There are some interesting Constitutional questions surrounding the rationale for possession of non obscene child porn from First Amendment protection, as well as American criminal law's general spazz-out in the presence of anything sexual, but suggesting that consuming child porn isn't any big deal is a great way to obscure all those issues

SolRo - 2014-10-16
Guess the consumption drives production argument would depend on distribution method.

Like movie torrents are generally not made for revenue, since there's no ad revenue or otherwise from uploading a torrent (and criminal charges if you try directly monetizing it since money is so much easier to track than anonymized VPN upload). There is money in distribution of it via link sites and streaming services...but those are a different entity.
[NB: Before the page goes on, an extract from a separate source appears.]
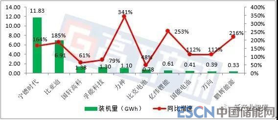 從裝機量TOP10企業(yè)排名來看,1-9月裝機量排名除前三企業(yè)與去年同期相比未發(fā)生變動之外,其余4-10名排位均有變化。其中,力神較去年同期相比增長高達341%,由去年的第11名上升至今年的第五名,競爭格局尤為激烈。
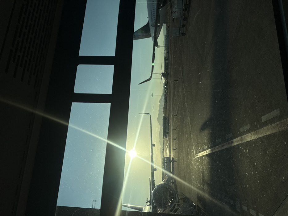 An airport tarmac is seen through a window with distinct panes. Several aircraft are visible, some parked and others possibly taxiing. The sun is bright, creating a strong lens flare and casting shadows on the ground. Mountains are faintly visible in the distance. The ground appears to be concrete or asphalt, marked with white lines.

So in theory consumption drives distribution more than actual creation.

il fiore bel - 2014-10-16
What grosses me out is him failing to acknowledge the suffering and trauma already experienced by the kids, just so that these assholes can get their fix. It doesn't matter if the website says they're 10 or 16. Whether or not they will go on to sexually abuse children, these "white men" are intentionally trying to get off on underaged porn, which tells me they condone and support it. And drunkenness is not an excuse.

EvilHomer - 2014-10-16
Claiming that legitimization leads to action is immaterial. Even if it were true, and to the best of my knowledge there has been no evidence that this is actually the case, the law cannot (or perhaps, should not) be structured in such a way so as to punish *potential* crimes! Punitive measures are to be used against someone who _has_ committed a crime, not someone who _might_ commit a crime, particularly if the evidence for said criminal conspiracy is completely conjectural. Unless, of course, we're living in a Phillip K Dick novel!

As for your friend's idea that ready access to CP reduces the likelihood of abuse (by "sublimating desire" or however else he wants to put it), that is also a controversial statement, and as before, whether it's true or not is ultimately immaterial. It does, however, have a growing body of evidence behind it, unlike the proposition that CP leads to abuse.

"Consumption drives production" is not the same as "production drives consumption" i.e. you're tacitly admitting that certain people WANT to consume CP, regardless of it's accessibility, and they don't need to think of CP as being "normalized" in order to act like creepers. A more important factor to consider is that consumption and production will always exist, regardless of legalistic blocks - here, we dive into the classic problem of prohibition. I don't think I need to elaborate on why prohibition fails; we as a community all seem to know it is true. There are no Nancy Reagans here!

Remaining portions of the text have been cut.